OJ Simpson did it. But the court let him go. Everyone knew that he did it. But
the court system can be rigged. And rape cases are the hardest to prove. How do
you prove rape? Especially one that happened years back or even a few months
back? How!
The court needs proof. But with
testimony, the public will smell fire. Yup. There are still so many stories, so
many more in the shadows. Women that don’t want to revisit that history, yes
there are a lot of consensual sex, and it’s going on with a lot of them in the
church now, but this rape… Is deep. So many don’t want to come out publicly.
Cos hate.
Some of the ‘big pastors’ that have
covered him in the past are the ones who have money scandal Locally and
internationally. Isn’t it shameful? A pastor, on the run? Because of tax
evasion and devious money practices. Pastors that traded their calling for
money. Some of them can’t go to the UK!! Your pastors oh. Smh.
Once he notices the weaknesses of
these men of God, who I do not doubt may have true callings, he will bamboozle
them with ‘Prophet seed’ and honour seed. They will see envelope and car gift.
They will fall in love with him. So that’s how he has penetrated christiandom.
Some powerful fathers and mothers of faith have shielded him and covered him.
But there is a MOG who he did everything to get to, and that Bishop blocked
him. I’m withholding name. Let me even
say another story.
So I will never forget the 12DG
that Creflo Dollar came to COZA and preached that after so many years in
ministry, he had just discovered that tithing wasn’t a must. It should be done
out of love and not necessity. That day, there was confusion in church 😂 Ah! After Creflo left.
He mounted the stage and said
“even if God says don’t tithe, I will tell God He doesn’t know what He is
talking about. I will tithe like my life depends on it!! Because we know what
works for us!!”
Something of the sort.. I was
like.. 😒 sketch much.
See, that church has weaponised
loyalty. Those members can’t move. Some is money (pastor supports their
business or owns it sef), some it’s religious strongholds, some is pastoral
‘love’, and then some are just being plain old Nigerians 😂 (ignorant animals).
What of the time he told church
members to defend their pastor on social media?

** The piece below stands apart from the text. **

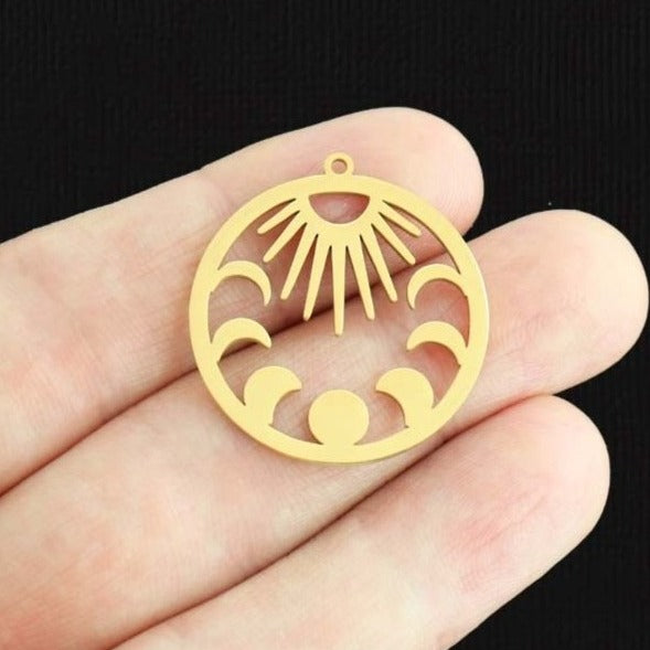 Phases de lune avec breloques soleil doré, en acier inoxydable 201. Parfait pour les bracelets, pendentifs, boucles d'oreilles, tirettes de fermeture éclair, signets et porte-clés !

He said if someone attacks your
pastor online, how do you let that happen? You should protect your prophet! The
church went wild. Screams! Meanwhile, I was like is it only me that sees this
is wrong?
Encouraging bad behaviour and
trolling online? Instead of teaching your members on how love should act? I
remember Ese Walters scandal. I left the church and it was more about the
church’s attitude and culture of trolling, treating her like she was the devil.
I excused myself.
I have no problems with a man
falling, making a mistake. But I expected that robust report. I expected him to
talk to us and say… I fell. I would never have left if he said it openly. I
expected the church to hold him accountable. If he can’t be accountable he will
do again.
But I saw only cover up. My
dears, I left. But God told me to go back. Several months I fought with it cos…

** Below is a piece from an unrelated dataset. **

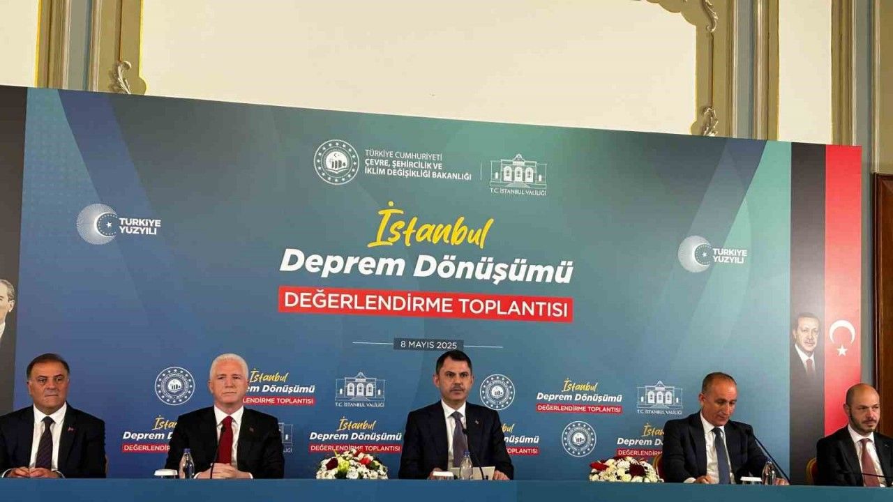 Deprem Dönüşümü Değerlendirme Toplantısı Çevre Şehircilik ve İklim Değişikliği Bakanı Murat Kurum başkanlığında İstanbul Valilik binasında gerçekleştirildi. Toplantıya Çevre Şehircilik ve İklim Değişikliği Bakan Yardımcısı Ömer Bulut, İstanbul Valisi Davut Gül, TOKİ Başkanı Levent Sungur, İBB Başkan Vekili Nuri Aslan, İBB Genel Sekreteri Volkan Demir, vali yardımcıları, 39 ilçenin belediye başkanları da katıldı.

I can’t swallow being taken for granted. Not from anyone. And certainly not
from my pastor like this. He’s setting a wrong precedent I argued. He has no
regard for us.
God said “go back”.
So I did. I struggled. Those
months were tough. My friends left. I was the only one who remained. Kai… I
didn’t have explanation. I remember, anytime he would be scheduled to come to
Lagos, I wouldn’t go to church. So later, I started trying. I intentionally
started loving him cos I’m like…if God said stay here, and he’s the pastor,
then God has placed him over me. I have to accept. Mehn… When this Busola thing
happened, God said “this is why I kept you here. Now speak out”.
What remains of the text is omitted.